Once you find the line below that has "A gerência acadêmica", output it and every line after it exactly, stopping after the line that has "一般咖啡树的树龄在二三十年,多则四五十年", with no pictures.

[Data to examine]
+++++

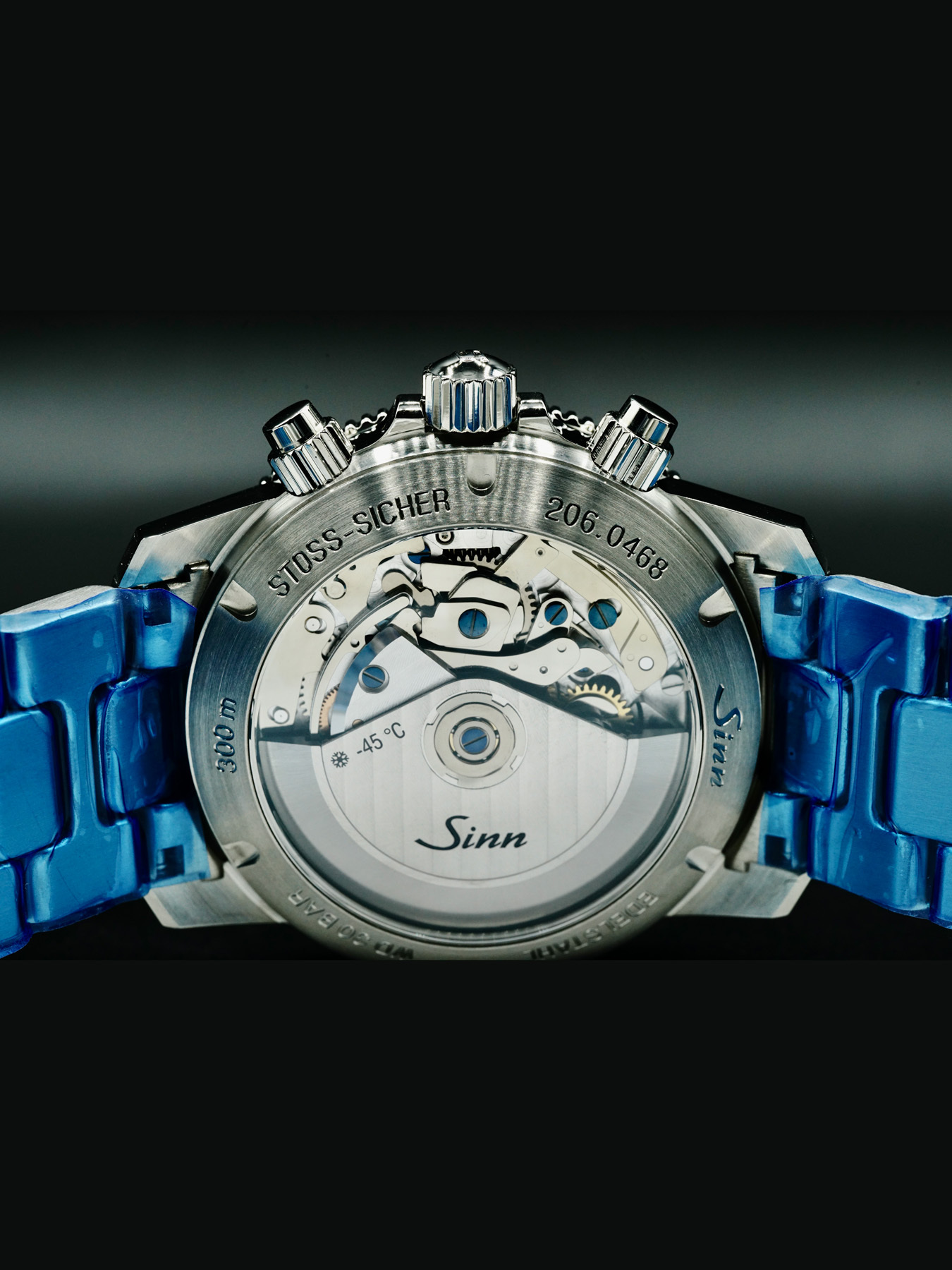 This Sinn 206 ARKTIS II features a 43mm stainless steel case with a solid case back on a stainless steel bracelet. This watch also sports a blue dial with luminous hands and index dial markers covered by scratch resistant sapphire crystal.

+++++

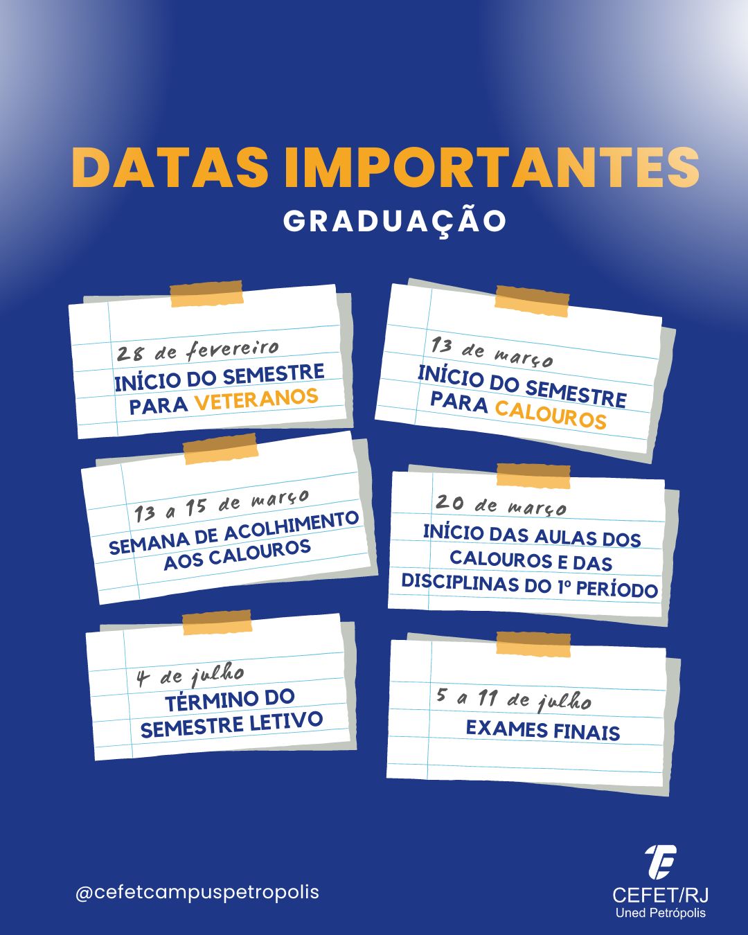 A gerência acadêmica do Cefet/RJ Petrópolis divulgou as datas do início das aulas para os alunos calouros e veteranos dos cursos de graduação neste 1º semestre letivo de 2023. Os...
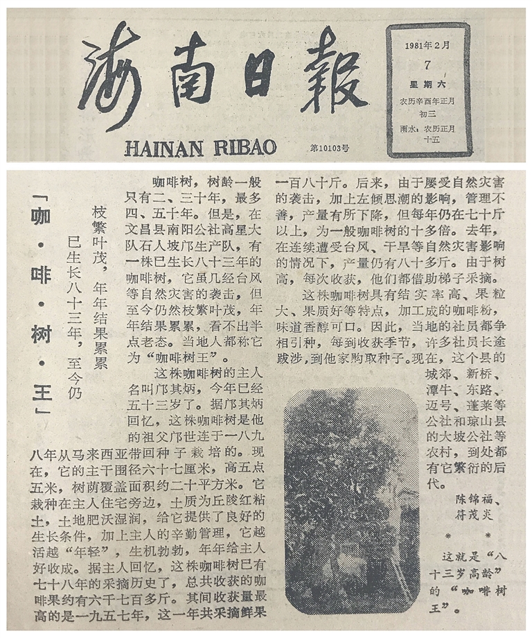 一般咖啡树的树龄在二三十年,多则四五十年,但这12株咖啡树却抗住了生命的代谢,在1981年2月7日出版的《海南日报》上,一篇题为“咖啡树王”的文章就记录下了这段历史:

+++++

[Task output]
 A gerência acadêmica do Cefet/RJ Petrópolis divulgou as datas do início das aulas para os alunos calouros e veteranos dos cursos de graduação neste 1º semestre letivo de 2023. Os...
 一般咖啡树的树龄在二三十年,多则四五十年,但这12株咖啡树却抗住了生命的代谢,在1981年2月7日出版的《海南日报》上,一篇题为“咖啡树王”的文章就记录下了这段历史:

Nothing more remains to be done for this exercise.